PROBLEM DETAILS - Only the lines from the one with "Here are close" to the end of the listing below should be set down, exactly as written and without any pictures.

--

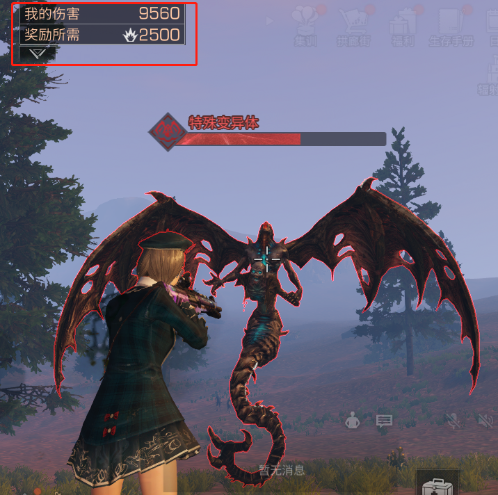 不同地图不明生物的奖励所需伤害不同,在集火不明生物过程中可在左上方查看最低伤害要求以及玩家当前伤害。
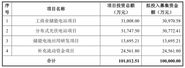 3月23日,普路通发布公告称,拟向特定对象发行股票的募集资金总额不超过10亿元。其中,约3.1亿元拟用于工商业储能电站项目、3.08亿元拟用于分布式光伏电站项目、约1.37亿元拟用于储能电池应用研发项目、2.46亿元拟用于补充流动资金项目。
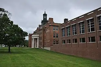 Ticonderoga High School is a historic high school building located at Ticonderoga in Essex County, New York. It was built in 1928-1930 and is a three-story, masonry neo-Georgian style building with a slate roof, concrete foundation, and brick walls. It features a semi-circular portico with Corinthian order columns and a balustrade and a copper polygonal cupola.[3]
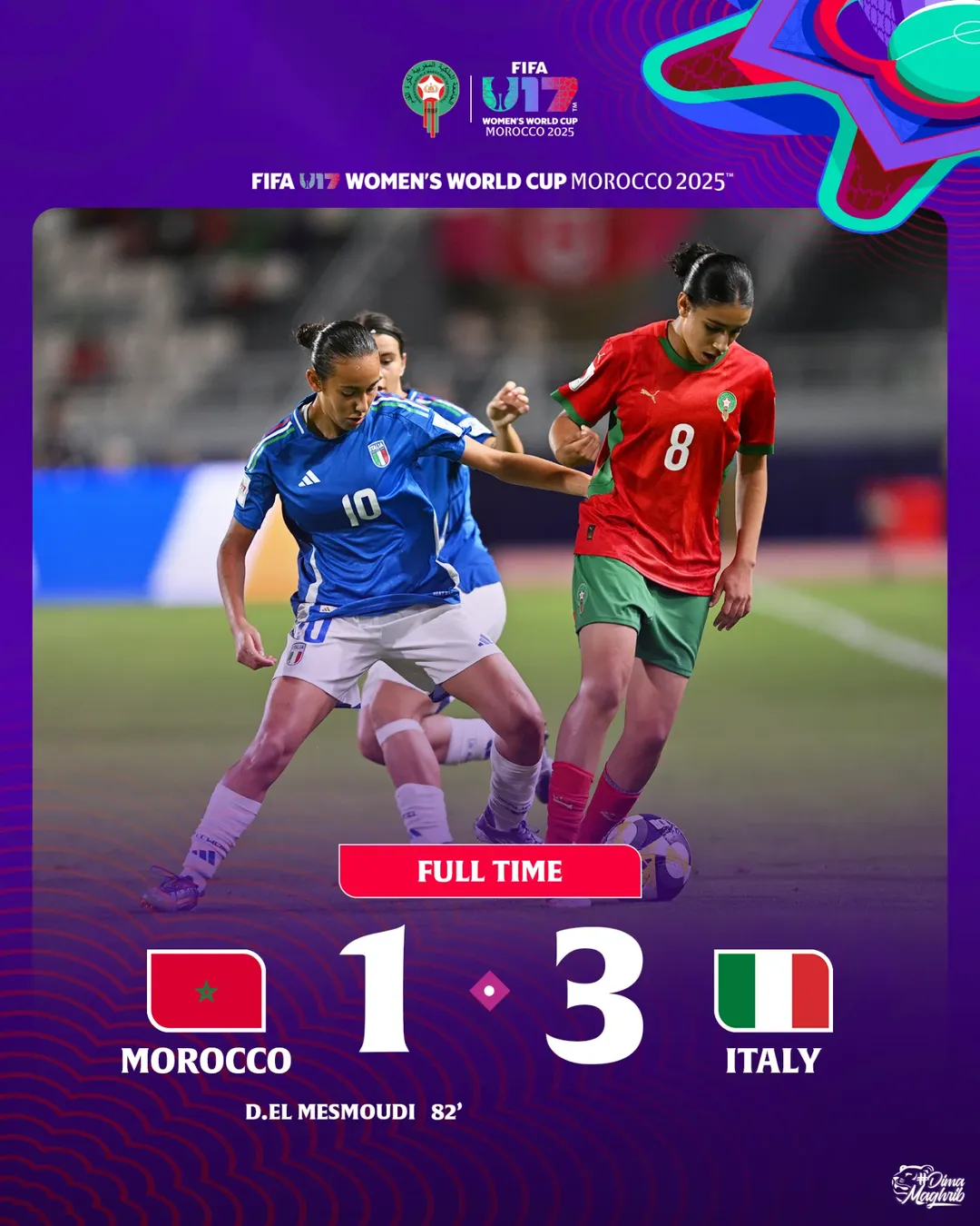 Morocco’s U-17 women’s national team faced their second loss in the group stage of the FIFA U-17 Women’s World Cup, falling 3-1 to Italy at the Olympic Stadium in Rabat.
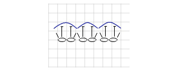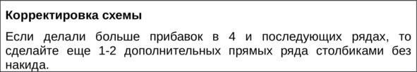 9 ряд. 24 Сбн. В том месте, где в предыдущем ряде вязали две дуги, Сбн вязать за одну сторону петли (за ближнюю сторону петли).
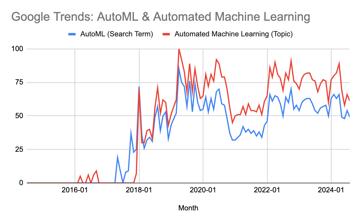 Yet AutoML didn't revolutionize data science as promised; and in fact, there is generally a sense of skepticism about AutoML in the data community. You can see in the Google Trends that the popularity of AutoML today is below its peak in 2019.
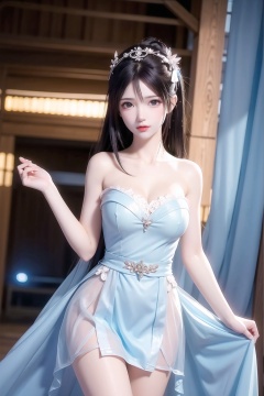 (Masterpiece, Best Quality: 1.4),High Resolution, Ultra Detail, (1girl: 1.3), BREAK IR Photography, Otherworldly Tones, Surrealist Landscapes,Vivid Colors,Creative Expression, Textured Art,(good hands),yuechan,yx-hd,1girl,meidusha,tianhu,liushen,yunyun,A girl,kawaiitech,xwhd,yun,The glowing eyes, the seductive expression,face,cowboy shot, solo,Perfect long legs, sexy long legs,(round),(((Stand gracefully))),(Plump figure),tactile,full,healthy,solid,healthy,(((Simple French strapless dress in light blue))),Clean neck, clean chest,Purple pupils, purple eyes,Sexy poses, hot bodies, body displays,girl, 1girl
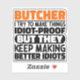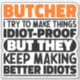 Funny Butcher Sayings "Butcher I Try To Make Things Idiot Proof But They Keep Making Better Idiots". Grab this Funny Butcher design as a funny gifts for an awesome mum, dad or friend.
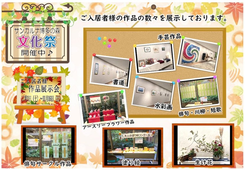 文化祭シーズンを迎えたサンカルナ博多の森では、書道や水彩画・俳句・生け花・アースリーフラワー作品など、ご入居者様が実際に作成した作品の数々を展示しております。
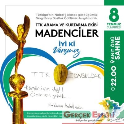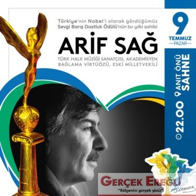 6-9 Temmuz’da yapılacak ve Ereğli halkının bir kez daha Sevgi, Barış, Dostluk diyeceği Türkiye’nin En Büyük Ödüllü Festivali’nde, SBD ödülleri 6 Şubat depremlerinde kahramanlıklarıyla gururumuz olan Zonguldak’lı Madencilere, Türk Halk Müziği’ne katkıları nedeniyle Arif Sağ’a ve Türkiye Şampiyonu olan Kdz. Ereğli Belediyespor Paravolley Takımı ile Para-Yelken Takımı’na verilecek.
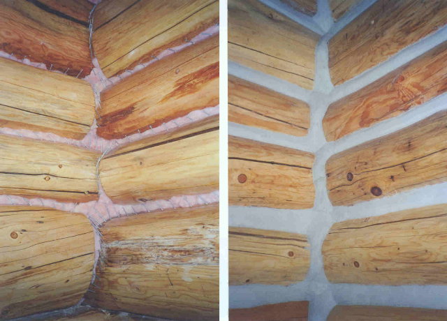 Here are close up pictures of a corner before and after chinking. (They are two different corners; the one on the left is the utility room and the one on the right is the dining room.) You can barely see the pattern of nails that holds the mortar in place. The pictures were taken on 9/28/05.
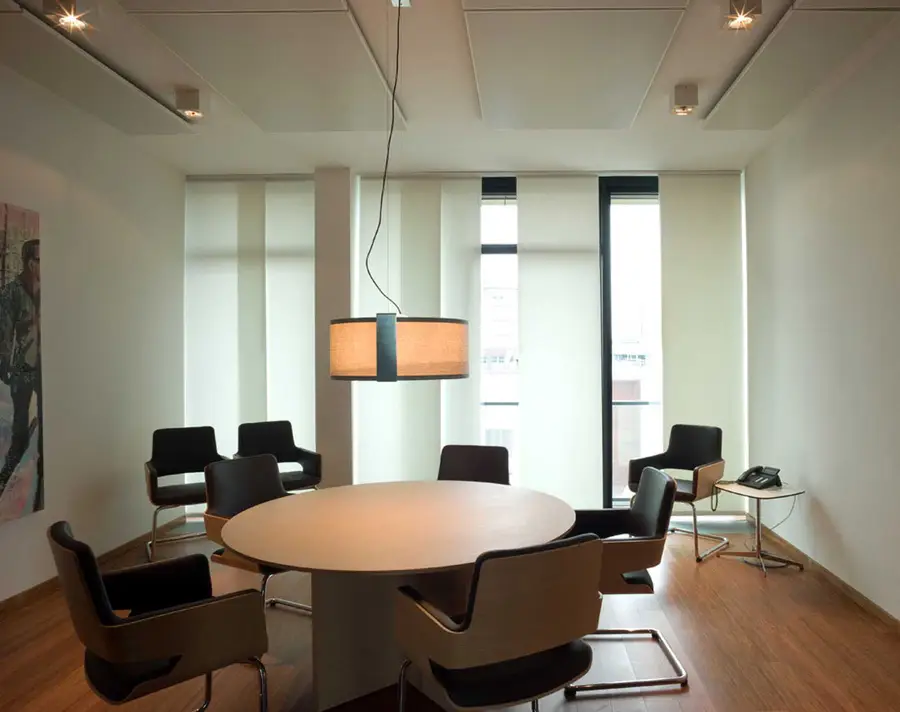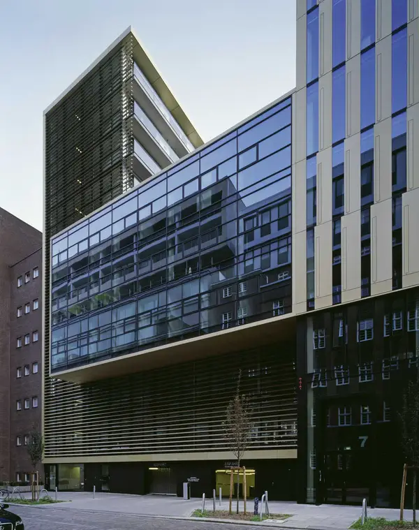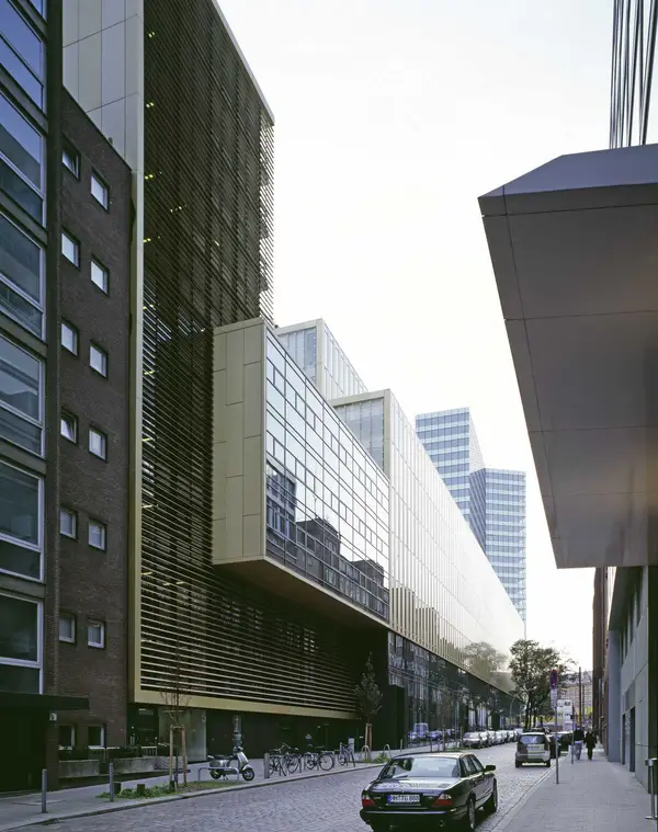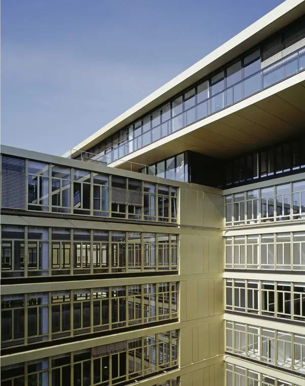 Die Straßen begleitende Fassade wird in geschosshohe vertikale Streifen aus Glas und geschlossenen Paneelen mit integrierten Flügeln gegliedert. Durch minimale Variationen entsteht eine überraschende Dynamik und Irritation in der Wahrnehmung dieser absolut planen und eleganten Fassade.

--

RESPONSE TO THIS TASK -
 Here are close up pictures of a corner before and after chinking. (They are two different corners; the one on the left is the utility room and the one on the right is the dining room.) You can barely see the pattern of nails that holds the mortar in place. The pictures were taken on 9/28/05.
 Die Straßen begleitende Fassade wird in geschosshohe vertikale Streifen aus Glas und geschlossenen Paneelen mit integrierten Flügeln gegliedert. Durch minimale Variationen entsteht eine überraschende Dynamik und Irritation in der Wahrnehmung dieser absolut planen und eleganten Fassade.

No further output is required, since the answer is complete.